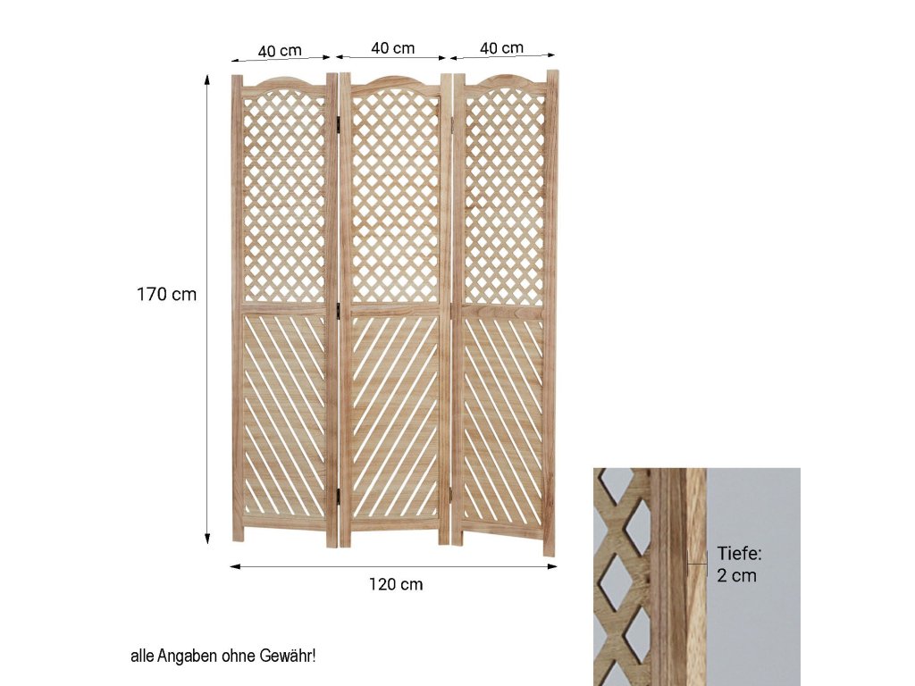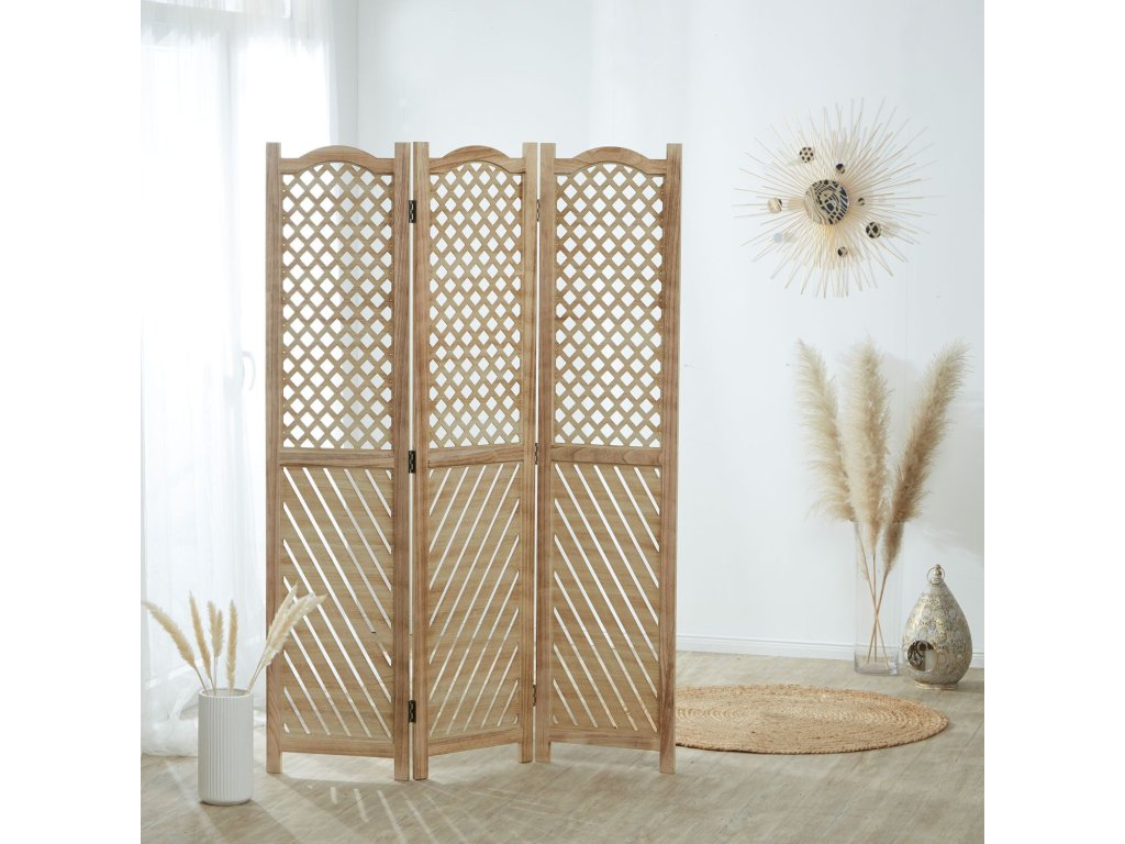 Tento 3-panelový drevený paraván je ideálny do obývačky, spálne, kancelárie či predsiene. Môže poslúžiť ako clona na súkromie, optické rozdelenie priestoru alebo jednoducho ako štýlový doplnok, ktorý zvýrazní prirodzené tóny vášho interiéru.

################

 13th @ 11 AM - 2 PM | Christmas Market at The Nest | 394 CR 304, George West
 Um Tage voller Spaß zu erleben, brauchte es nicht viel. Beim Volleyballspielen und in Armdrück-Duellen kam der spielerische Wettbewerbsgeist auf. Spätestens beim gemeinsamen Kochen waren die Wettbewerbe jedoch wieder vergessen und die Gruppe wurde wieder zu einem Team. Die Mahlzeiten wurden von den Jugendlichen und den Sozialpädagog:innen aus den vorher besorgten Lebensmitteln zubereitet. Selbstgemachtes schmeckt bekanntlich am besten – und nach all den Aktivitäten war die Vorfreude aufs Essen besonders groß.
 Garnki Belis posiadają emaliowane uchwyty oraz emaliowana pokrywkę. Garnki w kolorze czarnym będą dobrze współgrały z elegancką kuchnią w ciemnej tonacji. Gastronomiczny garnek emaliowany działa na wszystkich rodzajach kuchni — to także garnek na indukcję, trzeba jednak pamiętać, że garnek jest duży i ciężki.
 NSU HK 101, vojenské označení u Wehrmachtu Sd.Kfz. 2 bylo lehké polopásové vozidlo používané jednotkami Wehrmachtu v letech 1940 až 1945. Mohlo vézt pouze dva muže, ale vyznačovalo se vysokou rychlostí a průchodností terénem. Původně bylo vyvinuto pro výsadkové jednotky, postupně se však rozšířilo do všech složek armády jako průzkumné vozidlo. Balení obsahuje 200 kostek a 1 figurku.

################

What needs to be done:
Within the data above, the span starting at the line containing "Um Tage voller" and ending at the line containing "Garnki Belis posiadają" is to be retyped exactly, with no other lines.

Result below:
 Um Tage voller Spaß zu erleben, brauchte es nicht viel. Beim Volleyballspielen und in Armdrück-Duellen kam der spielerische Wettbewerbsgeist auf. Spätestens beim gemeinsamen Kochen waren die Wettbewerbe jedoch wieder vergessen und die Gruppe wurde wieder zu einem Team. Die Mahlzeiten wurden von den Jugendlichen und den Sozialpädagog:innen aus den vorher besorgten Lebensmitteln zubereitet. Selbstgemachtes schmeckt bekanntlich am besten – und nach all den Aktivitäten war die Vorfreude aufs Essen besonders groß.
 Garnki Belis posiadają emaliowane uchwyty oraz emaliowana pokrywkę. Garnki w kolorze czarnym będą dobrze współgrały z elegancką kuchnią w ciemnej tonacji. Gastronomiczny garnek emaliowany działa na wszystkich rodzajach kuchni — to także garnek na indukcję, trzeba jednak pamiętać, że garnek jest duży i ciężki.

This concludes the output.